From: Peter Collingbourne
Date: Wed Sep 22 2021 - 18:30:50 EST


On Wed, Sep 22, 2021 at 6:45 AM Dmitry Vyukov <dvyukov@xxxxxxxxxx> wrote:
>
> On Wed, 22 Sept 2021 at 08:18, Peter Collingbourne <pcc@xxxxxxxxxx> wrote:
> >
> > This patch introduces a kernel feature known as uaccess logging.
> > With uaccess logging, the userspace program passes the address and size
> > of a so-called uaccess buffer to the kernel via a prctl(). The prctl()
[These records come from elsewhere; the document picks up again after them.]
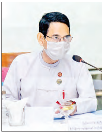
ပြည်ထောင်စုဝန်ကြီး ဒေါက်တာအောင်သူ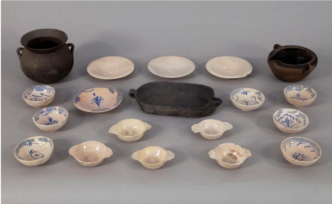
Conjunt de peces procedents del Castell de Montsoriu restaurades l'any 2011.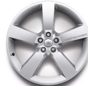
22" (STYLE 5098) 2,7,13,14 GLOSS SPARKLE SILVER Standardní výbava verze X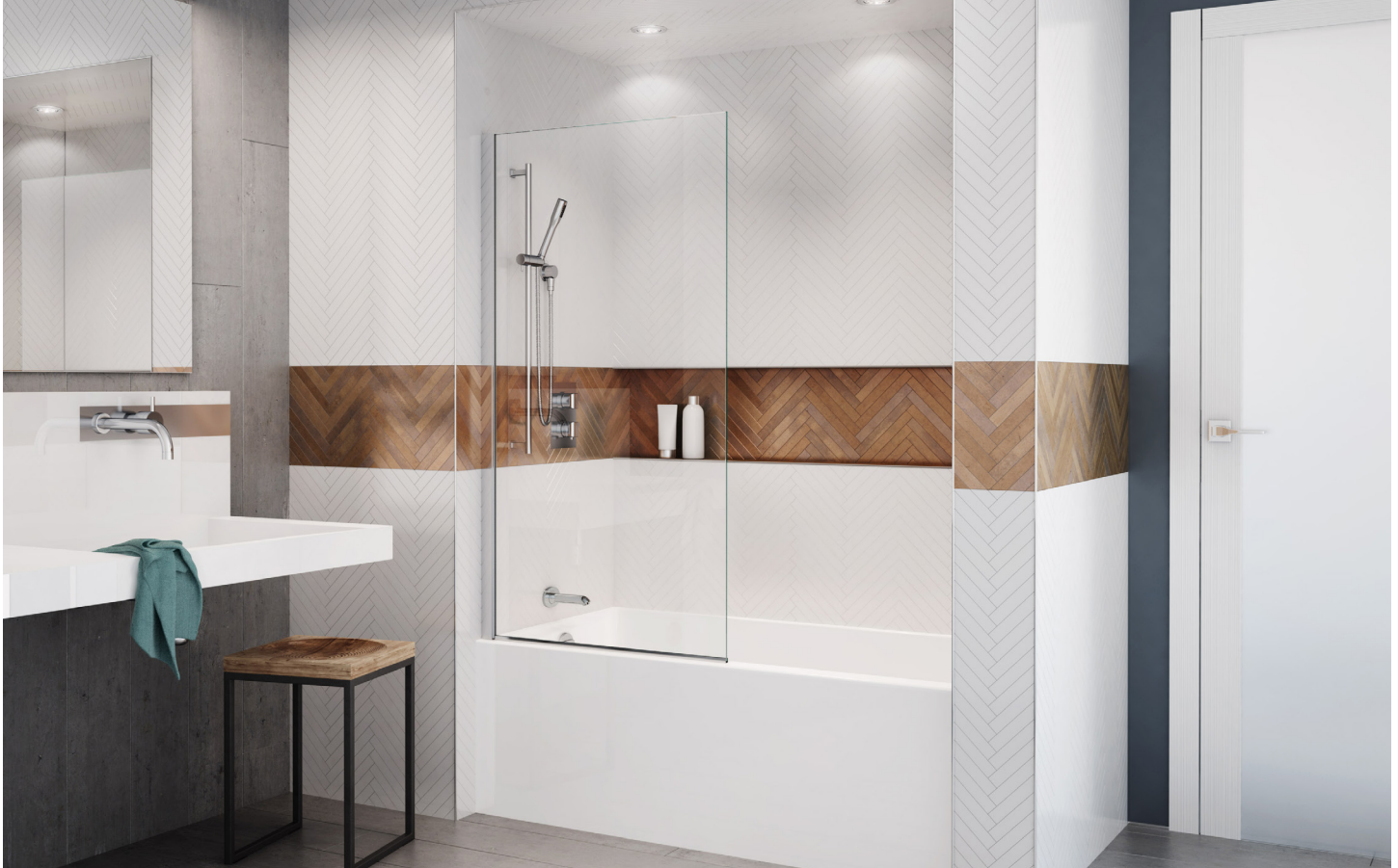
Model shown / Modèle présenté : VSXT30-11-40L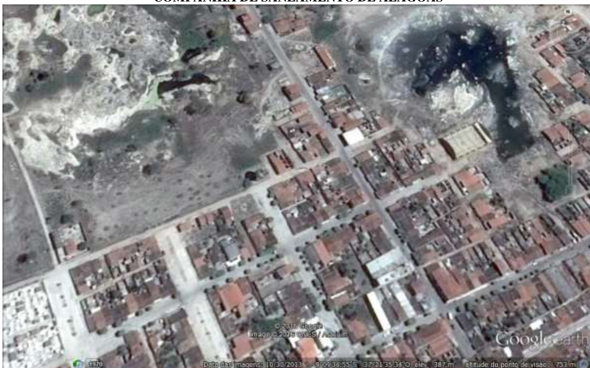
Figura 3. Localização do reservatório em Ouro Branco

> > is a request for the kernel to log any uaccesses made during the next
> > syscall to the uaccess buffer. When the next syscall returns, the address
> > one past the end of the logged uaccess buffer entries is written to the
> > location specified by the third argument to the prctl(). In this way,
> > the userspace program may enumerate the uaccesses logged to the access
> > buffer to determine which accesses occurred.
> >
> > Uaccess logging has several use cases focused around bug detection
> > tools:
> >
> > 1) Userspace memory safety tools such as ASan, MSan, HWASan and tools
> > making use of the ARM Memory Tagging Extension (MTE) need to monitor
> > all memory accesses in a program so that they can detect memory
> > errors. For accesses made purely in userspace, this is achieved
> > via compiler instrumentation, or for MTE, via direct hardware
> > support. However, accesses made by the kernel on behalf of the
> > user program via syscalls (i.e. uaccesses) are invisible to these
> > tools. With MTE there is some level of error detection possible in
> > the kernel (in synchronous mode, bad accesses generally result in
> > returning -EFAULT from the syscall), but by the time we get back to
> > userspace we've lost the information about the address and size of the
> > failed access, which makes it harder to produce a useful error report.
> >
> > With the current versions of the sanitizers, we address this by
> > interposing the libc syscall stubs with a wrapper that checks the
> > memory based on what we believe the uaccesses will be. However, this
> > creates a maintenance burden: each syscall must be annotated with
> > its uaccesses in order to be recognized by the sanitizer, and these
> > annotations must be continuously updated as the kernel changes. This
> > is especially burdensome for syscalls such as ioctl(2) which have a
> > large surface area of possible uaccesses.
> >
> > 2) Verifying the validity of kernel accesses. This can be achieved in
> > conjunction with the userspace memory safety tools mentioned in (1).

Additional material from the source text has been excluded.